Kamis, 19 September 2019 | 05:09 WIB

Bank Mandiri Guyur Pinjaman US$129 Juta ke Antam

Bank Mandiri Guyur Pinjaman US$129 Juta ke Antam
(Foto: inilahcom/Ilustrasi)

INILAHCOM, Jakarta - Bank Mandiri menggelontorkan pinjaman investasi kepada PT Aneka Tambang (Persero/Antam) sebilai US$129 juta. Dana utangan ini jatuh tempo pada Juni 2024.

Kerja sama dua BUMN bertujuan untuk meningkatkan efisiensi keuangan, tanpa merubah ketentuan dari pinjaman sebelumnya serta memiliki tingkat suku bunga mengambang (floating) yang lebih kompetitif dibandingkan tingkat bunga pinjaman sebelumnya.

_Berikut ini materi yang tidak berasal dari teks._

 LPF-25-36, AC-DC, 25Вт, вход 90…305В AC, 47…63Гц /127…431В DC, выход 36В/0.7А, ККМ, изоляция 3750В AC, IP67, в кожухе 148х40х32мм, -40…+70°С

Kerja sama antara Bank Mandiri dengan Antam ini, diwujudkan melalui penandatanganan kerja sama fasilitas pinjaman kredit investasi yang dilakukan Direktur Utama ANTAM, Arie Prabowo Ariotedjo dengan Direktur Corporate Banking Bank Mandiri, Royke Tumilaar di Jakarta, Rabu (18/9/2019).

Dalam rilis kepada media di Jakarta, Arie mengatakan, "Antam menyadari pembangunan kekuatan perusahaan melalui fokus pada pengembangan hilirisasi komoditas inti perusahaan yang berbasis pada nikel, emas dan bauksit."

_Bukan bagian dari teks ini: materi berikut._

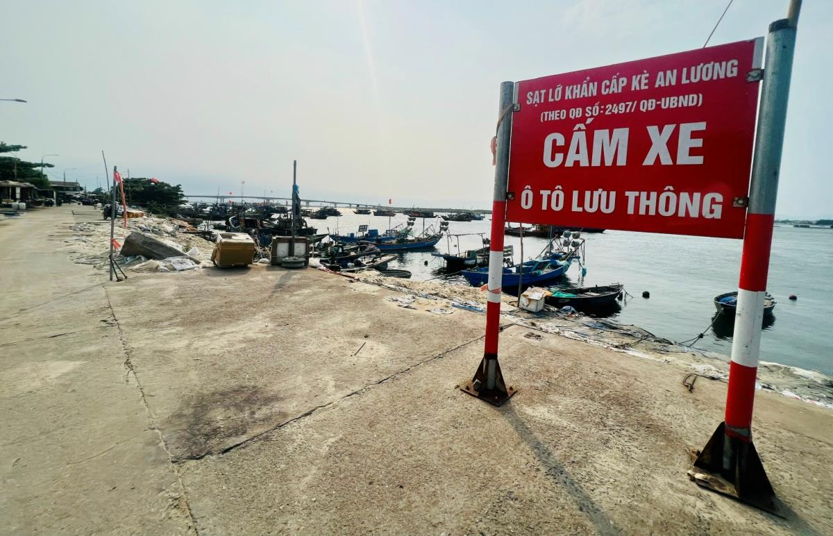 Dọc bến cá An Lương, các hạng mục gia cố bờ kè bằng biện pháp đắp bao cát không còn nguyên vẹn. Một số vị trí bao cát bị thuỷ triều đánh bật ra. Dọc tuyến bê tông đoạn bến cá cũng bắt đầu xuất hiện những vết nứt gây mất an toàn giao thông. Do sạt lở móc sâu vào đất liền nên người dân đồng thời phải dùng dây để rào chắn, lập biển báo nhằm đề phòng nguy hiểm.

"Kami senantiasa menjaga kekuatan keuangan Perusahaan melalui inovasi bisnis untuk meningkatkan pendapatan, memastikan kemampuan Perusahaan untuk memenuhi kewajiban serta mendukung pendanaan untuk pertumbuhan perusahaan di masa depan," lanjut Arie.

Dengan tingkat pertumbuhan kinerja keuangan Antam yang semakin solid, kata dia, perseroan mendapatkan fasilitas kredit investasi dengan tingkat suku bunga yang lebih kompetitif. "Hal ini dapat menurunkan beban keuangan perusahaan," tukas Arie.

Sementara Royke Tumilaar mengatakan, dukungan pembiayaan ini merupakan implementasi dari komitmen Perseroan untuk terus memakmurkan negeri melalui sinergi strategis antar BUMN.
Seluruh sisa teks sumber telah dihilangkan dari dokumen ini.